10.3 OVERVIEW OF NASAL DRUG DELIVERY

As outlined in Section 10.1, nasal drug delivery is highly versatile and can be used for a variety of delivery options, including (1) for local delivery to the nose and (2) as a noninvasive route for systemic delivery, (3) for nasal immunization and vaccine delivery, and (4) for delivery of drugs to the CNS, via N2B delivery. The nasal route offers a number of advantages for these various delivery options, outlined here.

1. An expanded surface area: The area available for absorption is enhanced by the labyrinthine passages of the nasal cavity, as well as the microvilli present on the apical surface of the epithelial cells. The total surface area of the nasal cavity is about 160 cm² (although the effective surface area for absorption is influenced by the type of dosage form used to deliver the drug, and other factors).

2. Permeable epithelium: The epithelium of the nose is described in Chapter 4 (Figure 4.9). It is more permeable than that of the GI tract. For example, molecules larger than 500 Da are too large to permeate the GI tract via transcellular passive diffusion, whereas the cutoff molecular weight for nasal transcellular diffusion seems to be about 1000 Da. This enhanced permeability, coupled with reduced metabolic activity, accounts for the number of commercially available preparations for the systemic delivery of peptide drugs via the IN route, as listed in Section 10.1.

3. Rich blood supply: The nasal mucosa is highly vascularized, with specialized capacitance vessels that facilitate heat exchange and other physiological roles. The rich blood supply promotes the rapid absorption of drug molecules and is especially useful when rapid onset is desirable, for example, in the treatment of migraine attacks or breakthrough pain (BTP) in cancer.

4. Relatively low enzymatic activity: Nasal secretions possess a wide range of enzymes, including proteases such as neutral endopeptidase, aminopeptidase peroxidase, and caboxypeptidase N. Furthermore, intracellular enzymes are found in the epithelial cells lining the cavity. Nevertheless, the metabolic activity of the nose is relatively low, in particular in comparison with other epithelial sites such as the GI tract, so that enzymatic activity is not considered a substantial obstacle to nasal drug delivery. Hepatic first-pass metabolism is also avoided via this route.

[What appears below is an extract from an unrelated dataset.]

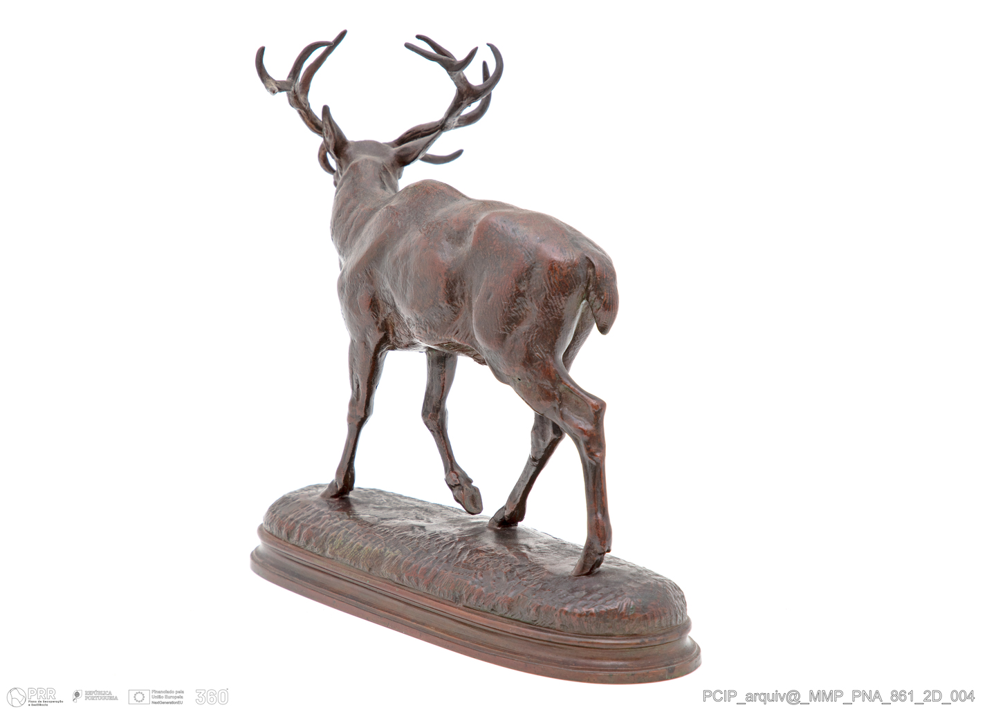Matéria/Técnica: Bronze; Cronologia: Século XIX; Autoria: Barye, Antoine-Louis (1795-1875); Dimensões (cm): Altura: 18,5; Largura: 22,5; Profundidade: 6,7.

5. Accessibility and compliance: The nasal route is easily accessible and nasal delivery devices (sprays, drops, etc.) tend to be unobtrusive and relatively easy to use. The route is noninvasive, with all the associated advantages over parenteral delivery, e.g., no needles/sharps and associated biohazard/disposal issues, less need for specialized medical personnel to administer the dose, nasal formulations do not normally require cold storage or have to be sterile.

6. Suitability for controlled release: Various types of nasal drug delivery systems (DDS) and formulation additives can allow for a sustained release of drug over time. Although in general, it should be noted that the nose is not particularly suited for sustained-release purposes.

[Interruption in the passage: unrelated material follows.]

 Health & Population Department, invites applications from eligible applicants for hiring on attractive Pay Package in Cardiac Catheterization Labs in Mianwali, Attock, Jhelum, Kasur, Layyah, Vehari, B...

7. Delivery to the CNS: The specialized olfactory epithelium of the nose offers a potential route for direct N2B drug delivery.

8. Delivery to the lymphoid tissue: As described in Section 10.7, the nasal-associated lymphoid tissue (NALT) makes the nose a highly effective immunological site, making the route an attractive one for the delivery of vaccines.

10.3.1 LIMITING FACTORS FOR NASAL DRUG DELIVERY

The same anatomical and physiological features that enable the many vital functions of the nose also impose substantial hurdles for efficient nasal drug delivery (Djupesland 2013; Djupesland et al. 2014). These barriers are considered here.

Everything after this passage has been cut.